• [Your task]: For each line in the material below that holds "also", copy that line.
:::::
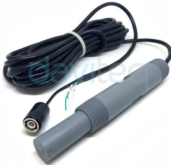
PROCESS PH FLAT SENSOR WITH TEMPERATURE COMPENSATION MBRTU-PHFLAT
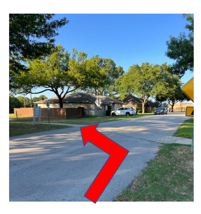
10) Follow Rosedale around to the right and take a left back on to the path. ONE-TWO PARENTS here and will also help with the next left turn
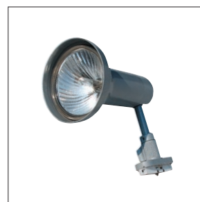
Spot halogen 100W EUR 24.00 SY STAR Cod 019.010.185.000
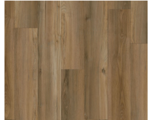
Porter Hickory | WIRC0503
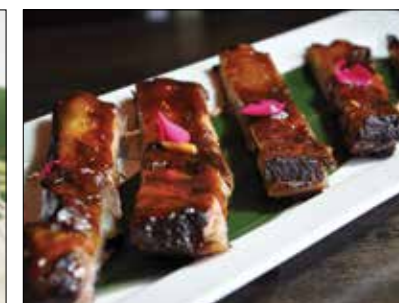
Honey Back Ribs
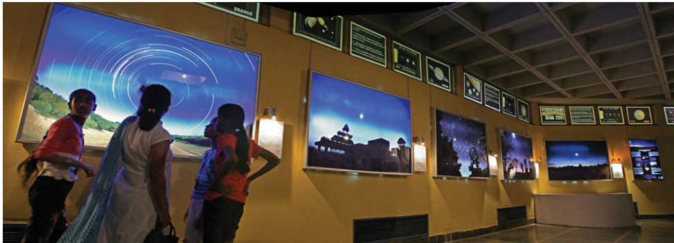
Figure 2. An exhibition by TWAN at the Dehli Planetarium, India.

(a) To better connect people with astronomy using beautiful and educative images with familiar landmarks of daylife. The “ Earth and sky ” photographs resonate with viewers on an instinctive level. And they spark the imagination. Familiar landmarks provide a context viewers relate to, even among city dwellers who have never gazed in wonder at the Milky Way. TWAN images also show that the night sky can be enjoyed with nothing more than the unaided eye. Meanwhile some important principles of astronomy and sky gazing are easily described through these images. The artistic images are aimed to be a public gateway to astronomy, and science in general.
:::::
• [Task solution]:
10) Follow Rosedale around to the right and take a left back on to the path. ONE-TWO PARENTS here and will also help with the next left turn
(a) To better connect people with astronomy using beautiful and educative images with familiar landmarks of daylife. The “ Earth and sky ” photographs resonate with viewers on an instinctive level. And they spark the imagination. Familiar landmarks provide a context viewers relate to, even among city dwellers who have never gazed in wonder at the Milky Way. TWAN images also show that the night sky can be enjoyed with nothing more than the unaided eye. Meanwhile some important principles of astronomy and sky gazing are easily described through these images. The artistic images are aimed to be a public gateway to astronomy, and science in general.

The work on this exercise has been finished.